▶ **Task**:
Repeat word for word the lines starting at the one with "Here's how I" and ending at the final line of the material, both ends included; omit pictures.
[[ Source data open ]]
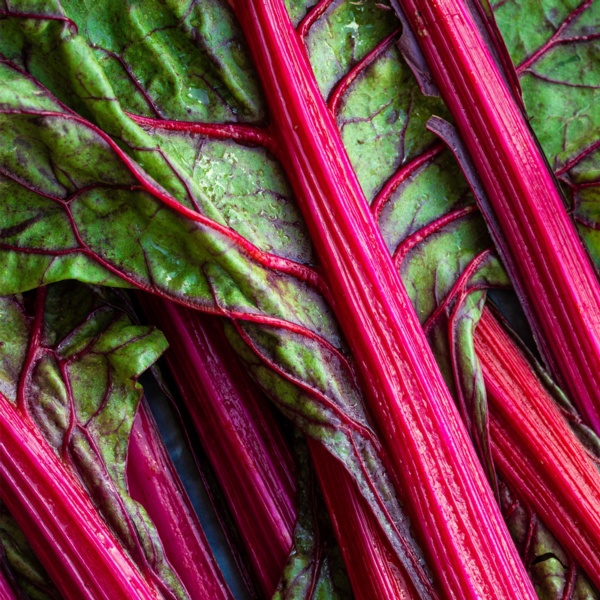 Rhubarb produces large, dark green leaves with pink-ish red and green veining. Its tender, thick stems are a bright bold red and has a tart, apple gooseberry-like flavor.
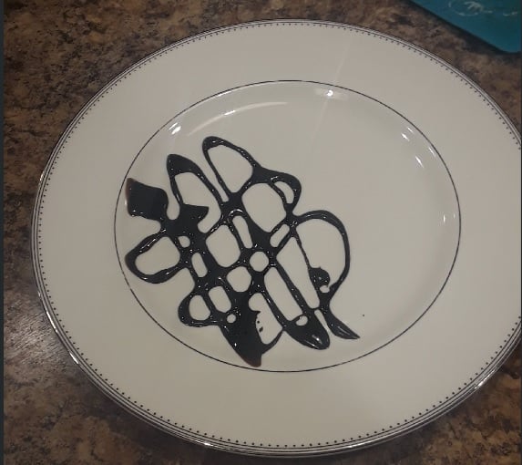 Here's how I put the balsamic onto the plate. About 3/4 cup balsamic vinegar reduces down to about the right amount for 2-3 plates:
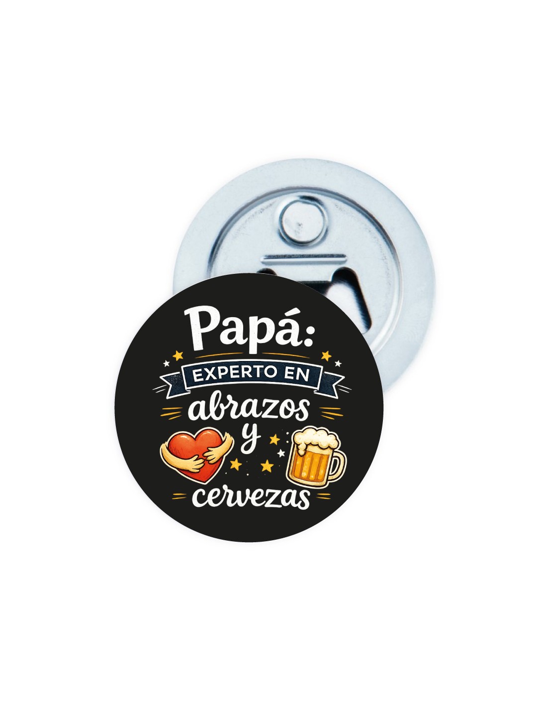 Original abridor de metal con imán decorado con el mensaje "papá: experto en abrazos y cervezas".
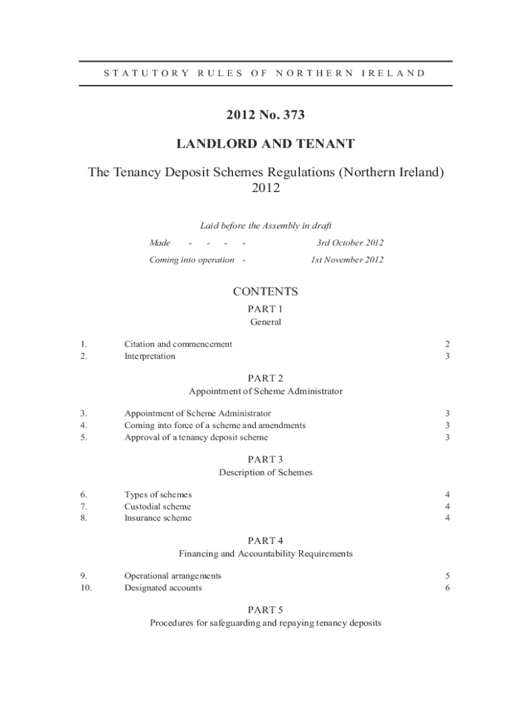 Get the free The Tenancy Deposit Schemes Regulations (Northern ...
[[ Source data closed ]]
▶ **Finished task**:
 Here's how I put the balsamic onto the plate. About 3/4 cup balsamic vinegar reduces down to about the right amount for 2-3 plates:
 Original abridor de metal con imán decorado con el mensaje "papá: experto en abrazos y cervezas".
 Get the free The Tenancy Deposit Schemes Regulations (Northern ...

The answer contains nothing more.